Quote word for word the lines below, beginning with the first and ending with the one that has "3. I- Node Allocation". Drop the pictures.

● **Dataset entries**
============================================================

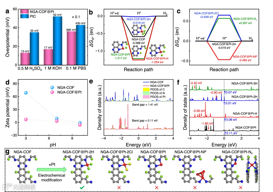 图6. 理论计算。(a)过电势;(b-c)台阶图;(d)Zeta电位,(e-f)态密度;(g)理论配位构形。
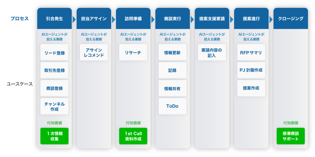 今後は、リード対応や商談管理、進捗報告や分析など、各工程に応じたAIエージェントの設計・構築を進めるほか、営業領域に限らず、開発、カスタマーサービス、マーケティング、コーポレート部門などへも適用範囲を広げ、組織全体の業務プロセスにおける展開も進めてまいります。
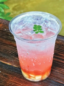 3.杯底放2-3勺蜜桃酱,加冰块至七分满,倒入冷藏气泡水,装饰可选用新鲜桃片、薄荷叶或青柠片。
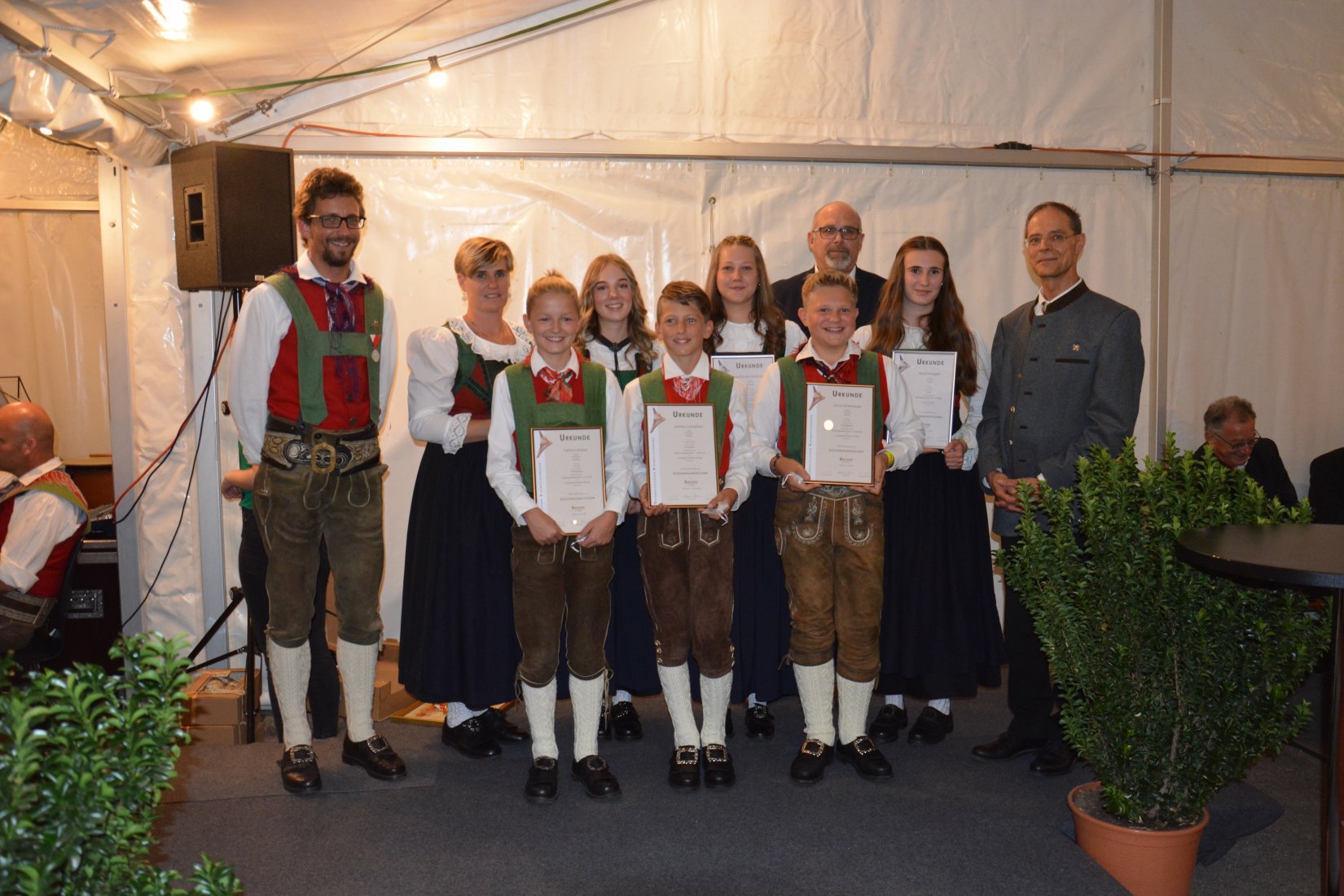 Matteo Landsfried (Trompete - Bronze mit ausgezeichnetem Erfolg), Jonas Unterweger (Schlagwerk - Bronze mit ausgezeichnetem Erfolg), Tobias Lukasser (Schlagwerk - Bronze mit ausgezeichnetem Erfolg), Heidi Duregger (Horn - Silber mit gutem Erfolg), Lea Stocker-Waldhuber (Klarinette - Silber mit ausgezeichnetem Erfolg) sowie Nina Unterweger (Saxophon - Silber mit ausgezeichnetem Erfolg).
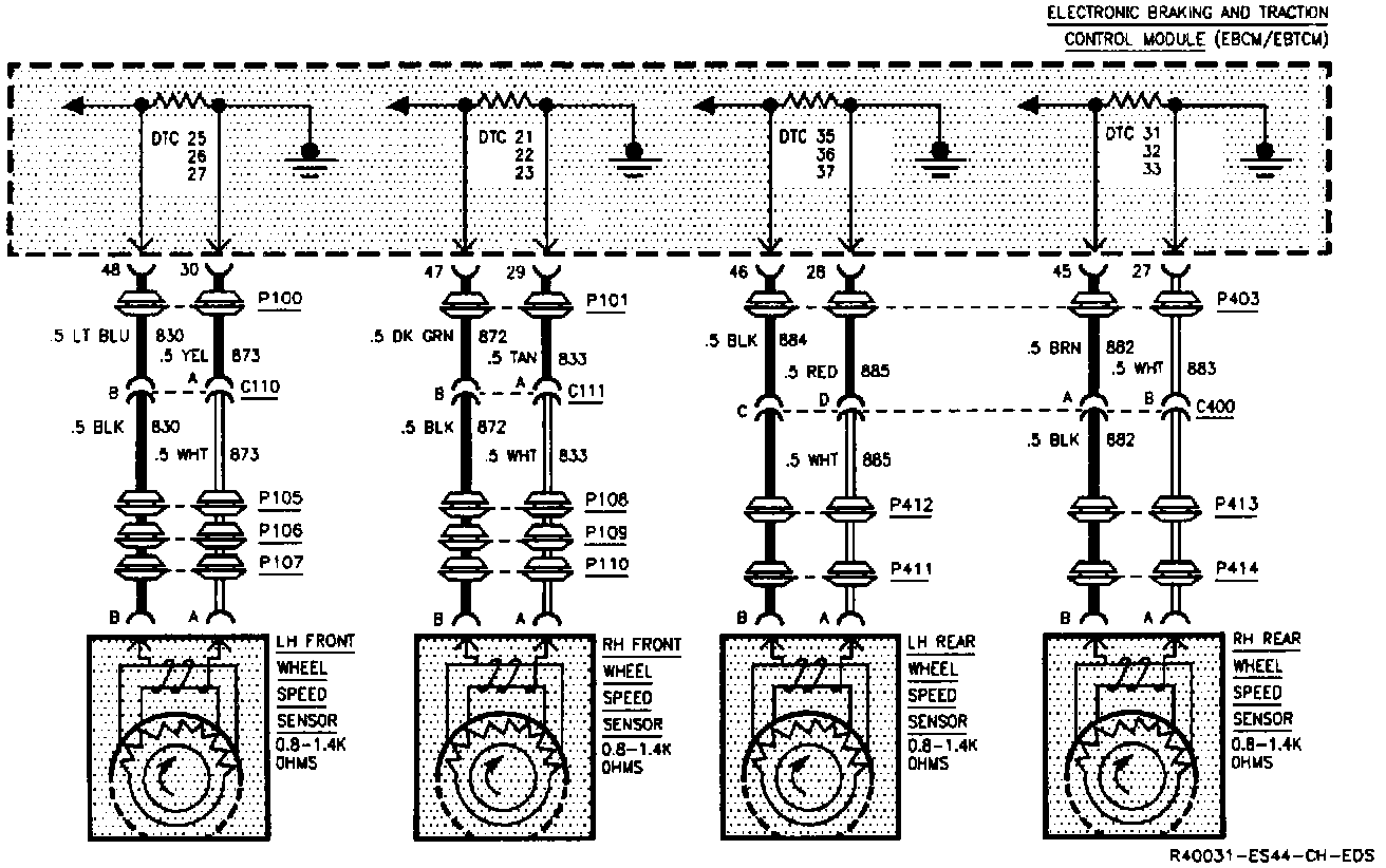 ^ Any condition which would result in lack of continuity in a wheel speed sensor circuit could result in DTC 21 or 25 (front) or 31 or 35 (rear) being set. These conditions include an open, a short to ground, or a short between the two wheel speed sensor circuits in the wiring harness between the speed sensor and EBCM/EBTCM. Also, an open or short to ground across the wheel speed sensor coil could trigger this diagnostic trouble code.
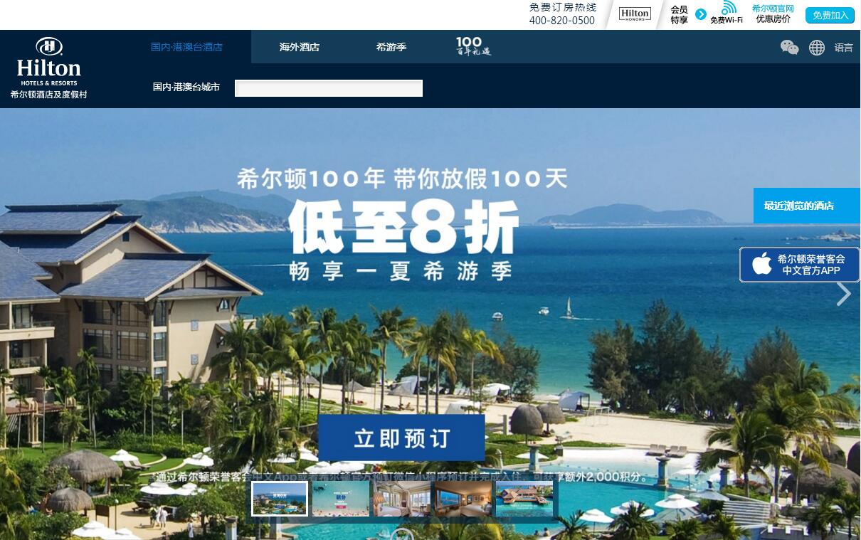 | 網(wǎng)站名稱: | 希爾頓酒店 | ||
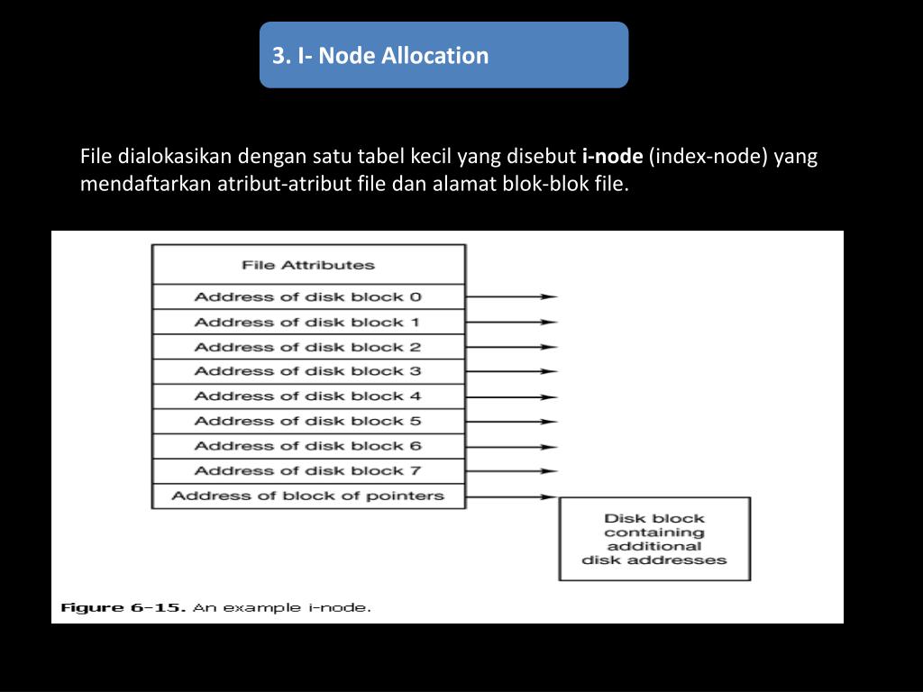 3. I- Node Allocation File dialokasikandengansatutabelkecil yang disebuti-node (index-node) yang mendaftarkanatribut-atribut file danalamatblok-blok file.
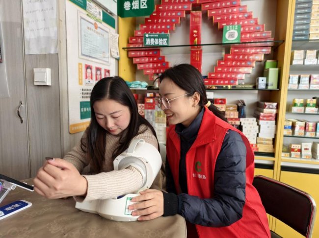 (图为工作人员为客户测量血压 袁子恒 摄)
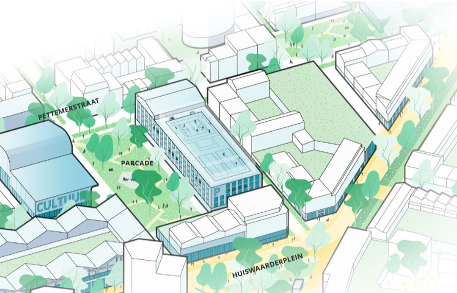 Een passende locatie, mocht een dergelijk concept haalbaar blijken, is aan het Huiswaarderplein.
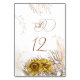 Les tournesols d'automne colorent cette carte de numéro de table Boho. Calligraphie délicate et dessin à l'encre, avec la trace d'éléments florentins. Artistique, élégant et unique.

============================================================

● **Result of this exercise**
 图6. 理论计算。(a)过电势;(b-c)台阶图;(d)Zeta电位,(e-f)态密度;(g)理论配位构形。
 今後は、リード対応や商談管理、進捗報告や分析など、各工程に応じたAIエージェントの設計・構築を進めるほか、営業領域に限らず、開発、カスタマーサービス、マーケティング、コーポレート部門などへも適用範囲を広げ、組織全体の業務プロセスにおける展開も進めてまいります。
 3.杯底放2-3勺蜜桃酱,加冰块至七分满,倒入冷藏气泡水,装饰可选用新鲜桃片、薄荷叶或青柠片。
 Matteo Landsfried (Trompete - Bronze mit ausgezeichnetem Erfolg), Jonas Unterweger (Schlagwerk - Bronze mit ausgezeichnetem Erfolg), Tobias Lukasser (Schlagwerk - Bronze mit ausgezeichnetem Erfolg), Heidi Duregger (Horn - Silber mit gutem Erfolg), Lea Stocker-Waldhuber (Klarinette - Silber mit ausgezeichnetem Erfolg) sowie Nina Unterweger (Saxophon - Silber mit ausgezeichnetem Erfolg).
 ^ Any condition which would result in lack of continuity in a wheel speed sensor circuit could result in DTC 21 or 25 (front) or 31 or 35 (rear) being set. These conditions include an open, a short to ground, or a short between the two wheel speed sensor circuits in the wiring harness between the speed sensor and EBCM/EBTCM. Also, an open or short to ground across the wheel speed sensor coil could trigger this diagnostic trouble code.
 | 網(wǎng)站名稱: | 希爾頓酒店 | ||
 3. I- Node Allocation File dialokasikandengansatutabelkecil yang disebuti-node (index-node) yang mendaftarkanatribut-atribut file danalamatblok-blok file.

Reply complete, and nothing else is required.